Further Evidence for a Dec 2012 End Date

Submitted by on April 22, 2013 – 3:12 pmOne Comment

I find it a little odd, but not at all surprising, that 2012 debunkers are now seizing on evidence that Dec 21 2012 was the end of the Long Count calendar (now that the world didn’t end). Of course last year that were latching on to anything that suggested 2012 was not the year.

For me though, nothing has changed. 21 Dec 2012 is still the date, and IMHO we are still close enough to that date for it to be proven correct. Hopefully not.

An example of the confusion this has caused is the date of a decisive battle that shaped the course of Mayan civilisation. It occurred 1,390,838 days from the start of the count, but attempts to transcribe this into the European calendar have given estimates that vary by hundreds of years.

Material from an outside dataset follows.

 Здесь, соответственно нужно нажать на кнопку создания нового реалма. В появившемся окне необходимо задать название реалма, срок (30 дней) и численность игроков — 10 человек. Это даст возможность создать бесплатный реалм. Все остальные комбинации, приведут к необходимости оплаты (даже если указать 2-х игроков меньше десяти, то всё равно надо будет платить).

Anthropologists led by Douglas Kennett at Pennsylvania State University took a sample from a carved wooden lintel found at a temple in the city of Tikal. The carvings recount the key event when Tikal’s king, Jasaw Chan K’awiil I, defeated Yich’aak K’ahk, known as ”Claw of Fire”, who headed a rival kingdom at Calakmul, 90 kilometres away.

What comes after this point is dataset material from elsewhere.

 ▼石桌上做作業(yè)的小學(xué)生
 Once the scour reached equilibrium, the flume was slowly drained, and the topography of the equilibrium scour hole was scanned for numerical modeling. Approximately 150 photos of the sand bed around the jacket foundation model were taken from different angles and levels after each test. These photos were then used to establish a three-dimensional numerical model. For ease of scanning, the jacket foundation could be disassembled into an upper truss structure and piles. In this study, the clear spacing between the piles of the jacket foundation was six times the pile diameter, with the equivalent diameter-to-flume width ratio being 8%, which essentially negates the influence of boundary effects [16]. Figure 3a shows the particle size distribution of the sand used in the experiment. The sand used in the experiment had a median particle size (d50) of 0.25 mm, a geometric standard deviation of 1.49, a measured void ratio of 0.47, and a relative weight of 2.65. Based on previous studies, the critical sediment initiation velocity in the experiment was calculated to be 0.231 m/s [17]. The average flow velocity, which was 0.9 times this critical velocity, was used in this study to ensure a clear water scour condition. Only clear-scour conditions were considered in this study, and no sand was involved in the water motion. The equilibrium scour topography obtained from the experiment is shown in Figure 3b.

Using a technique called accelerator mass spectrometry, the team concluded the tree was cut down and carved about AD658-696. The estimate closely matches that of a decades-old benchmark for Mayan dating, the Goodman-Martinez-Thompson method, which put the battle at about AD695-712.

Read more: http://www.theage.com.au/world/beam-holds-clue-to-mayan-calendar-20130412-2hqqu.html#ixzz2RAAj4jWg

The tree wasn’t necessarily carved immediately after it was chopped down, so it is a very good fit.

One Comment »

  • Johan says:

    I still have your blog in my Google Reader and I was waiting to see how long it would take for you to hook up on this (over a week too late). I am just curious who those 2012 debunkers are that you are referring to?

    No, this study does not prove that the “end” occurred on December 21, 2012. It only proves that the GMT-family of correlations are more probable than others (nothing new, carbon dating has been done before). To show which correlation is the correct one you need other data and it is most likely that a combination of GMT+2 and GMT+3 is the correct use.

    Distance numbers from many monuments indicate that the Long Count will continue for a long time.

    You may also ask why a study like this is published? My guess is that since Kennett and others are on the “climate-change-caused-the-Maya-collapse” bandwagon they need the GMT correlation(s) to be accurate. Unfortunately, but not surprisingly, they leave out the carbon dated lintels from Chichen Itza and other lintels at Tikal that do not confirm this study (in Chichen’s case it is off by two centuries…).

    I look forward to see what will be the next straw you will grasp.